Compelling character AI was achieved in another narrow Turing test in Unreal Tournament 2004, using a technique similar to learning from demonstration. BotPrize is a yearly academic competition for the bot that best passes as human. The 2012 winner was a bot by Jacob Schrum, Igor Karpov, and Risto Miikkulainen. It combined algorithmic optimization—which can result in markedly unnatural behavior that still achieves the specified goal— of its combat effectiveness with selective replay of recorded human behavior. Twenty-five human judges played alongside the Unreal-playing bots, repeatedly judging whether the other characters were human or artificial during combat. The bot by Schrum and colleagues was judged human more than 51.9% of the time. That percentage was just below the two human characters who were judged most human, at 53.3% and 52.2%. The algorithm is described here.

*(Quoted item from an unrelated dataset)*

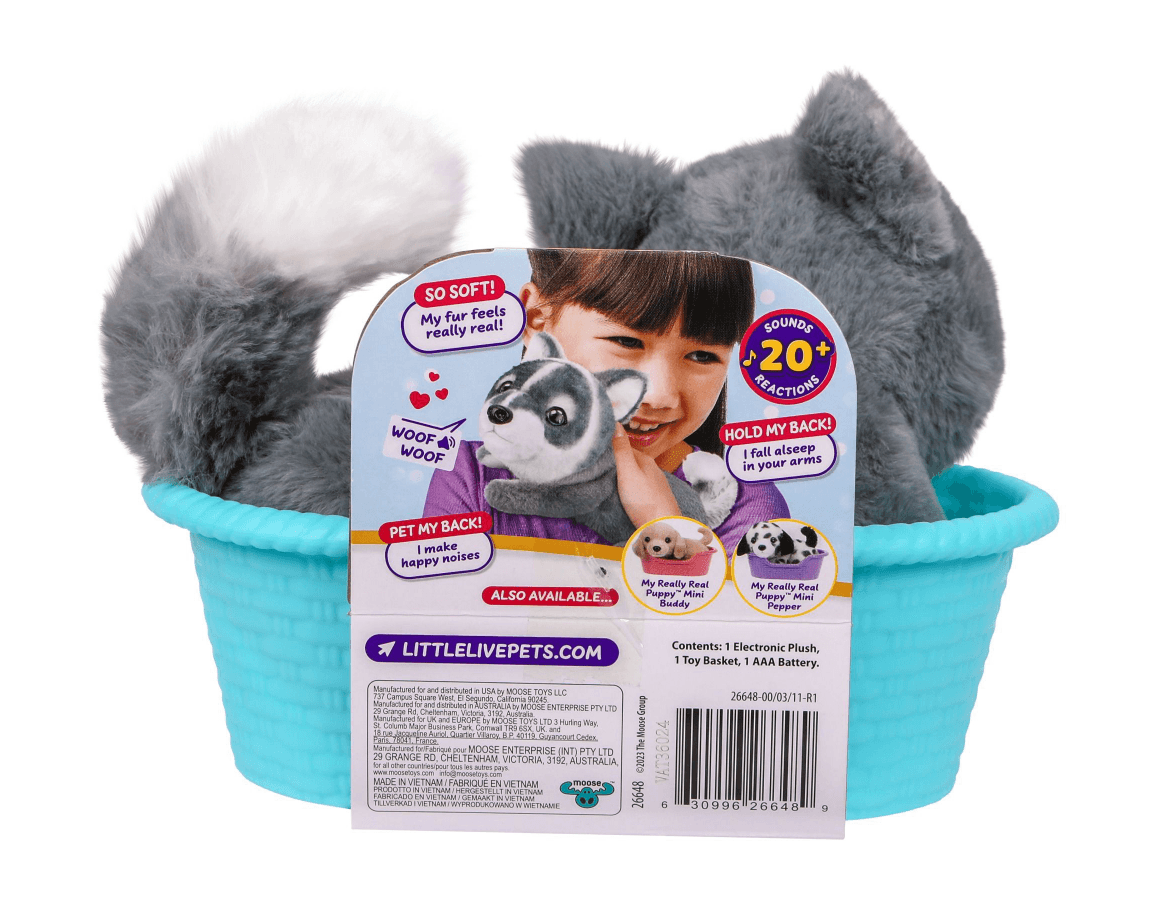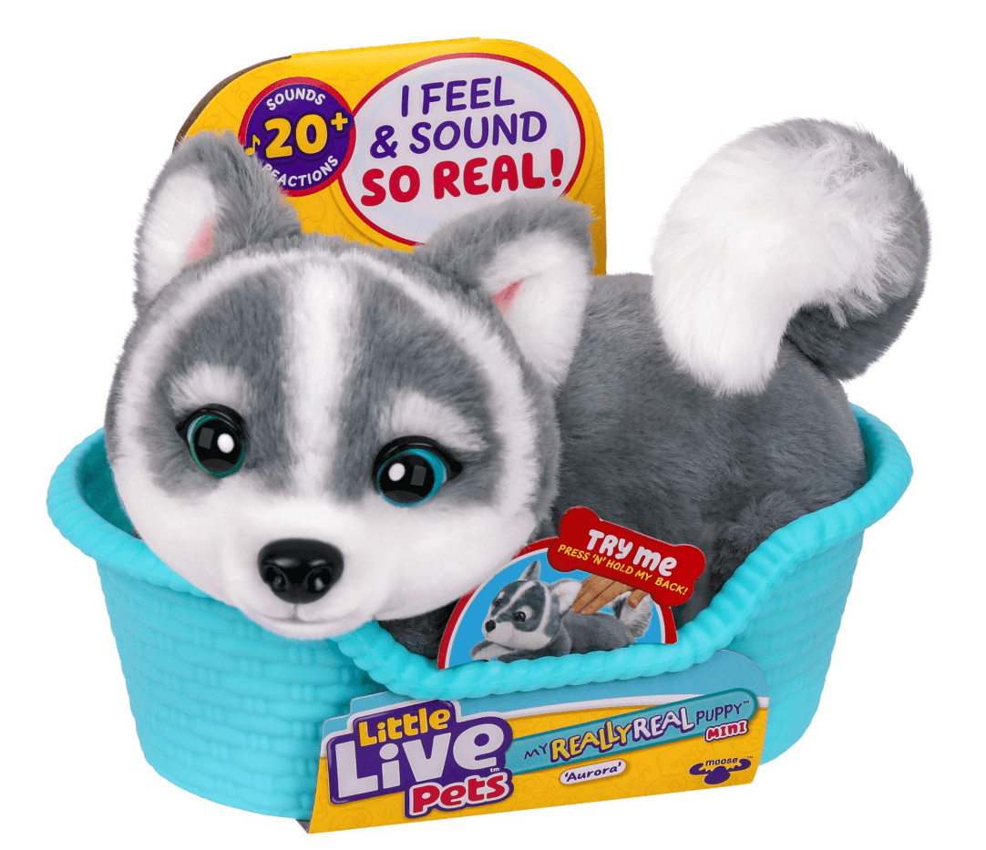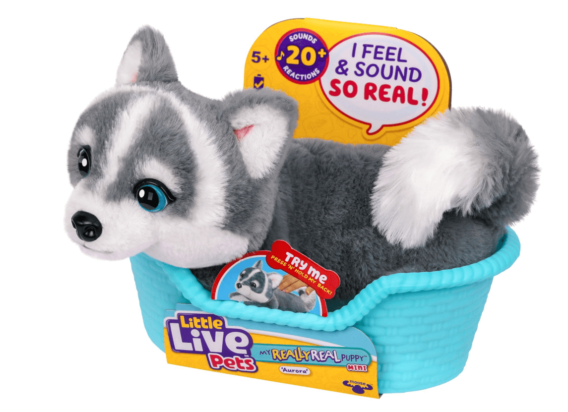 Little Live Pets – My Really Real Mini Puppy Aurora ist der perfekte Begleiter für kleine Tierliebhaber! Aurora sieht nicht nur aus wie ein echter Welpe, sondern fühlt sich auch so an – mit weichem Fell, süßen Geräuschen und realistischen Reaktionen. Dieses interaktive Spielzeug reagiert auf Berührungen, macht über 60 verschiedene Geräusche und bringt Kindern ab 4 Jahren spielerisch Verantwortung und Fürsorge näher.

Lastly, in our playtesting of bots_alive, we also see compelling character AI created from observations of human puppetry.
The limitations of this puppetry-based approach are (1) sensing and encoding contextual information and (2) applying machine learning effectively. Both academia and industry are intensely researching how to improve those two limitations. Major strides have been made in the past 10 years, most notably through deep learning, and so it seems likely that further improvement is yet to come.

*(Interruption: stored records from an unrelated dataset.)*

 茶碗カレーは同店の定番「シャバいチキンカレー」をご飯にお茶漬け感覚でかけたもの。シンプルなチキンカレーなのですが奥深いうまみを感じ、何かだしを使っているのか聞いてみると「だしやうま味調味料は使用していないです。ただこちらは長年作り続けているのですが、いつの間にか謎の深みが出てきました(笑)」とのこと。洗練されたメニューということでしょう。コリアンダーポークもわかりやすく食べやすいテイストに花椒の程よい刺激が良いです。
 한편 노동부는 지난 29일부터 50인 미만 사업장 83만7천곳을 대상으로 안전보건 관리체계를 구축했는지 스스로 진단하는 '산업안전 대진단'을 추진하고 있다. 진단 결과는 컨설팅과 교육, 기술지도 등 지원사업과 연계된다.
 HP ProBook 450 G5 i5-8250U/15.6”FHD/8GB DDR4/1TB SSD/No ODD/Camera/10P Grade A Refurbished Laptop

On the other hand, our ability to write down behavioral rules that encode authentic behavior with an illusion of life? If there’s a reason why that will improve meaningfully, I don’t see it.
Our bots_alive robot creatures will be the first big test of this technique we call learning from the wizard.
I encourage you to get a feel for it yourself. Check out our videos of playtesting and live demos. If you’re sufficiently intrigued, pledge to our Kickstarter campaign and get one or two robots for yourself.
With robots in hand, you can judge whether they constitute a step forward in organic, believable character AI.
* Note that authentic social interaction can occur between the character AI and a human or between two of the character AIs.
** For a wonderful technical overview of learning from demonstration for robots, see this paper.